PI3K/Akt/mTOR signaling pathway has emerged as one of the most frequently deregulated in HNC.30 Numerous alterations of various upstream and downstream components have been described. mTOR activation was a potential prognostic biomarker and an inverse predictor of lymph node and distant metastases. The current study also showed that BMMSC up‐regulated the levels of phosphorylated PI3K/Akt/mTOR in HNC cells. This indicated that activation of the PI3K/Akt/mTOR signaling pathway played important roles in the ability of BMMSC to promote the progression of HNC.

POSTN plays a functional role in the regeneration of tissues such as bone and heart, promotes wound healing and is frequently up‐regulated in various types of human cancers and is implicated in cancer cell proliferation, invasion, and metastasis.31, 32 However, whether POSTN is associated with the effect of BMMSC on HNC had not yet been previously addressed. In this study, we found that MSC‐CM could promote the expression of POSTN possibly because BMMSC could secrete many kinds of cytokines into MSC‐CM such as interleukin‐6 (IL‐6), interleukin‐10 (IL‐10), vascular endothelial growth factor (VEGF), transforming growth factor beta (TGF‐β) etc. which promoted POSTN expression in HNC.33, 34, 35 The current study also showed that the POSTN‐activated PI3K/Akt/mTOR pathway played important roles on the effect of BMMSC on HNC cells.
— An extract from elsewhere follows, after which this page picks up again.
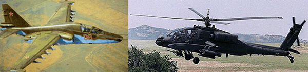 У 80-х роках ХХ століття до пріоритетних цілей ПЗРК додалися штурмовики та ударні бойові гелікоптери: ліворуч - радянський штурмовик ОКБ Сухого Су-25; праворуч - американський бойовий гелікоптер АН-64 "Apache".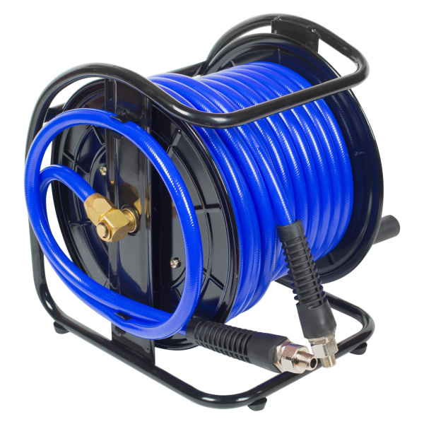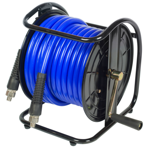 - Конструкция позволяет разместить шланг на рабочем месте так, как вам удобно, а по окончании работы свернуть шланг и перенести раму с катушкой на место хранения.

Moreover, BMMSC promoted tumor growth, invasion, formation of metastatic lesions and promoted the expression of POSTN and EMT in tumor tissues in the mouse model of HNC. The positive correlation between the expression of POSTN and EMT in the development of HNC was also further confirmed in HNC clinical samples.
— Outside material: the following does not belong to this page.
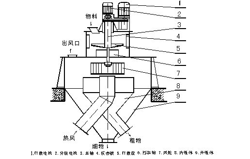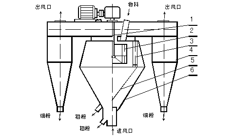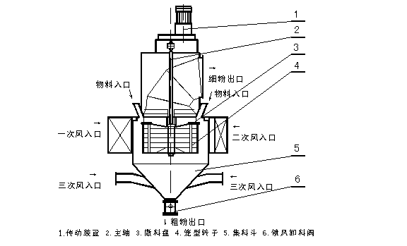 由傳動裝置、回轉(zhuǎn)部分(主軸、撒料盤、轉(zhuǎn)子等),機殼(內(nèi)筒、導向葉片、內(nèi)錐體、外筒、外錐體、進風口、加料口、兩個粗粉出口等),細粉收集裝置(四個旋風筒等)組成。

In conclusion, our work showed the relationship between BMMSC and HNC. We showed that BMMSC promoted proliferation, invasion, survival, tumorigenicity and migration of HNC through POSTN‐mediated PI3K/Akt/mTOR activation. Further exploration of relative proteins and pathways will help to fully elucidate the tumorigenic effect of BMMSC in HNC.

CONFLICTS OF INTEREST

Authors declare no conflicts of interest for this article.